We will study the context and history around machine learning research using US Census data in the upcoming weeks, but for now, let's take a look at one particularly prominent dataset: the [ACS (American Community Survey)](https://www.census.gov/programs-surveys/acs) Income dataset, which contains socioeconomic data about individuals in the US.

In [None]:
import numpy as np

# The standard import idiom for pandas
import pandas as pd

# Load in the ACS Income dataset
income_df = pd.read_csv('~/COMSC-335/data/adult_reconstruction.csv')

:::{note}
To load data from files manually, pandas provides various `pd.read_*` functions. For example, [pd.read_csv](https://pandas.pydata.org/docs/reference/api/pandas.read_csv.html) loads (comma-separated values) CSV files. See pandas' [I/O documentation](https://pandas.pydata.org/pandas-docs/stable/user_guide/io.html) for more options.
:::

We often suffix variable names with `_df` to make it clear that we are working with a dataframe.

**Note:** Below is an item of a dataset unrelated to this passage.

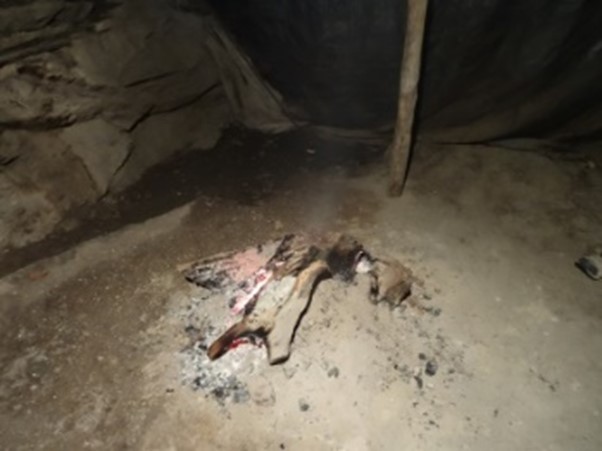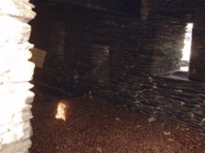 Au rez-de-chaussée, où on accède par une seconde porte, on fait un feu doux presque sans flammes: l’air doit être chaud, mais pas brûlant; cela doit sécher, pas cuire les fruits. On l’entretien avec des bûches de châtaignier assez grosses coupées quand on nettoie les terrains, et avec les peaux des châtaignes séchées l’année précédente, la pousse. L’air chaud et la fumée traversent la couche de châtaignes, leur donnent un bon goût de fumée en les séchant, et s’échappent par les tuiles du toit. On les remue régulièrement et au bout de plusieurs jours, deux ou trois semaines, on obtient des châtaignes sèches et dures

For high-level inspection of the dataframe, we can use the following functions and attributes:

- `df.head()`: returns the first 5 rows of the dataframe
- `df.tail()`: returns the last 5 rows of the dataframe
- `df.info()`: returns a summary of the dataframe, including the number of rows, columns, and the data types of each column
- `df.columns`: returns the column names of the dataframe
- `df.shape`: returns the number of rows and columns in the dataframe
- `df.dtypes`: returns the data types of each column

You can play around with the dataframe in the cell below:

In [None]:
income_df.head()

In [None]:
# Like numpy, pandas provides a `shape` attribute that returns a tuple of (num rows, num columns)
income_df.shape

From above, we see that the dataframe has 49,531 rows and 14 columns. Here, each row represents an individual, and each column represents a feature of the individual. The machine learning task is to predict the `income` of an individual based on the other features.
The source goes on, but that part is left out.